[1:50] <wido> sagewk: here now
[1:50] <sagewk> wido: ah! sorry i'm just heading out the door
[1:50] <wido> vacation time here at work!
[1:50] <wido> under powered these weeks
[1:50] <sagewk> wido: wanted to ask more about the high pool count problems you saw on friday... maybe we can talk tomorrow? or you can send an email with more detail?
[1:51] <wido> yeah, sure. we'll talk tomorrow
[1:51] <sagewk> wido: sounds good. don't work too hard!
[1:51] <wido> tnx!
[1:51] <wido> ttyl
[18:01] <wido> sagewk: I'll be online in about 5 hours
[18:11] <gregaf> wido: I think we'll all be around then :)
[22:10] <wido> hi
[22:11] <cmccabe> hi wido, just about to head to lunch
[22:11] <cmccabe> I think sage is coming back from lunch soonish
[22:11] <cmccabe> bbl
[22:13] <wido> ok, I'll hang around a bit
[22:17] * aliguori (~anthony@ has joined #ceph
[22:22] <wido> sagewk: Back from lunch yet?
[22:25] <sagewk> wido: yeah
[22:27] <wido> ah, ok
[22:27] <wido> What I noticed during the last weeks was the fact that the recovery seems to struggle when there are a lot of PG's
[22:27] <wido> We all know that the recovery right now hammers the hell out of the machines
[22:28] <wido> But during soms tests I found out that on my Atom platform, when I go over the ~10% of its capacity, it starts to struggle
[22:28] <wido> it's 74TB, so that's 7.4TB of data
[22:29] <wido> each OSD than has about 200G on it disk, which really starts to become heavy
[22:29] <wido> If for some reason a OSD goes down, than for 90% of the time your done
[22:30] <wido> I could really get a grip on it, but I kept getting crash after crash. All seemed to be osdmap encode/decode related. Like the osd map changes were following eachother up to fast
[22:31] <wido> Riht now I'm reaching the 10% filling again, that is almost a recipe for disaster. I had some disk failures, no way I could recover from those. The whole cluster started bouncing around
[22:32] <wido> I'm currently at 8k PG's and that's also the "magic" limit I noticed, everything below 8k goes fine
[22:33] <Tv> wido: my understanding is that peering/recovering consumes way more cpu than steady state
[22:33] <sjust> Tv: yeah, but the crashes indicate that we have a more significant problem
[22:33] <Tv> yes
[22:34] <Tv> just saying, that's why Atoms might be problematic *once something crashes*
[22:34] <wido> But the weird thing is, the crashes are so random, I could keep reporting them, but I would then create 5 issues a day
[22:34] <wido> or sometimes even more
[22:34] <sjust> wido: actually, out of memory errors might manifest this way
[22:35] <wido> Sure, I know that recovery is heavy and that Atoms might be a bit underpowered, but imho a OSD should be able to run on a Atom
[22:35] <sjust> wido: yeah, I agree
[22:35] <sagewk> it woudl crash in decode?

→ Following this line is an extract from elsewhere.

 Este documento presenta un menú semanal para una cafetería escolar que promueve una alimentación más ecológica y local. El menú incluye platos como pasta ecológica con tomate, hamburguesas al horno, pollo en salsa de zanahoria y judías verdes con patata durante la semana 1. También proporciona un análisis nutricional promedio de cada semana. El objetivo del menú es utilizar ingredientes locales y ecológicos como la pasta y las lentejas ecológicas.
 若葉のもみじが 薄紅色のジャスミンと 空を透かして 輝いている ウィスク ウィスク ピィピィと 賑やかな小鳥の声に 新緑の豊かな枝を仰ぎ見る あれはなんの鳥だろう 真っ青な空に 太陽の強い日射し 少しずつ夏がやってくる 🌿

[22:35] <sjust> sagewk: just guessing, but in encode, at least, the bufferlist is expanding
[22:36] <sjust> unlikely to be causing all of this, though
[22:36] <wido> sagewk: No, encode, my bad
[22:36] <sagewk> what kind of crashes stack traces are you seeing?
[22:36] <wido> First the encode strack traces, but second a lot of PG state related
[22:37] <wido> But what I also noticed, if I start a crashed OSD again, it could take up to 30 minutes before it comes up, for the first 30 minutes it's only scanning it's local dir
[22:37] <sagewk> can you pastebin some of them? or stick them in a tracker issue?

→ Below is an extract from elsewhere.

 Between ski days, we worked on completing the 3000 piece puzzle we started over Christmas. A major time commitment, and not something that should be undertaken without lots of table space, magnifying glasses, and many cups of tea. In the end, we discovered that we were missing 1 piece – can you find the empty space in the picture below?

[22:37] <sagewk> hmm, that is probably the missing set calculation
[22:38] <wido> I don't have them right now, but since my cluster is reaching the magical 10% again I'll kill some OSD's and it will start bouncing again
[22:39] <sagewk> that'd be great.
[22:39] <wido> sure
[22:40] <sagewk> sjust: i suspect the slow startup is for any pgs that have a backlog.. PG::read_log() scans the log items for anything missing.
[22:43] <wido> during that slow startup the OSD is eating 100% CPU btw
[22:43] <sjust> sagewk: yeah
[22:44] <wido> What I'll do is kill some OSD's and slowly start them up again. I'll keep a close eye on the logs of what they are doing during the slow startup and gather all the stack traces I'll can
[22:44] <wido> I'll stick to v0.31 btw
[22:45] <sagewk> k
[22:45] <wido> but still, my small cluster with 6 OSD's is still running fine :) No crashes or whatsoever. But that's only 50G of data
[22:46] <wido> Oh btw, the bash completion hasn't been merged yet? Something wrong with it?

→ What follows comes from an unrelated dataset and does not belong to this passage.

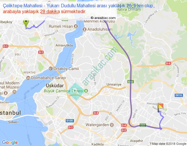 Çeliktepe Mahallesi - Yukarı Dudullu Mahallesi arası yaklaşık olarak 90 km/h ile yukarıda belirtilen sürede olup, iki yerin kuş uçuşu uzaklığı (mesafesi) 15'dir. Yolculuk otobüsle 36 dakika sürmektedir.

[22:49] <sagewk> oh yeah. not really.. just some hesitation to enshrine the syntax in another location.
[22:50] <sagewk> probably worth it, unless anyone els objects?
[22:50] <sagewk> brb
[22:50] <wido> get your point, might be useful for new user though, just tab their way through the commands
[22:52] <Tv> i wish there was a standard for "this is my calling convention"
[22:53] <Tv> something where the man page synopsis and bash completion are extracted from the actual source
[22:53] <gregaf> that would be awesome, but scary
[22:53] <Tv> yeah, complex beast
[23:01] * jbd (~jbd@ks305592.kimsufi.com) has joined #ceph
[23:05] <sagewk> wido: applied
[23:05] <wido> sagewk: cool :) Now it's the only docs for some magic commands ;)
[23:05] * aliguori (~anthony@ Quit (Read error: Operation timed out)
[23:06] <wido> I grabbed most of it out of the source code
[23:18] * aliguori (~anthony@ has joined #ceph
[23:29] * jbd (~jbd@ks305592.kimsufi.com) has left #ceph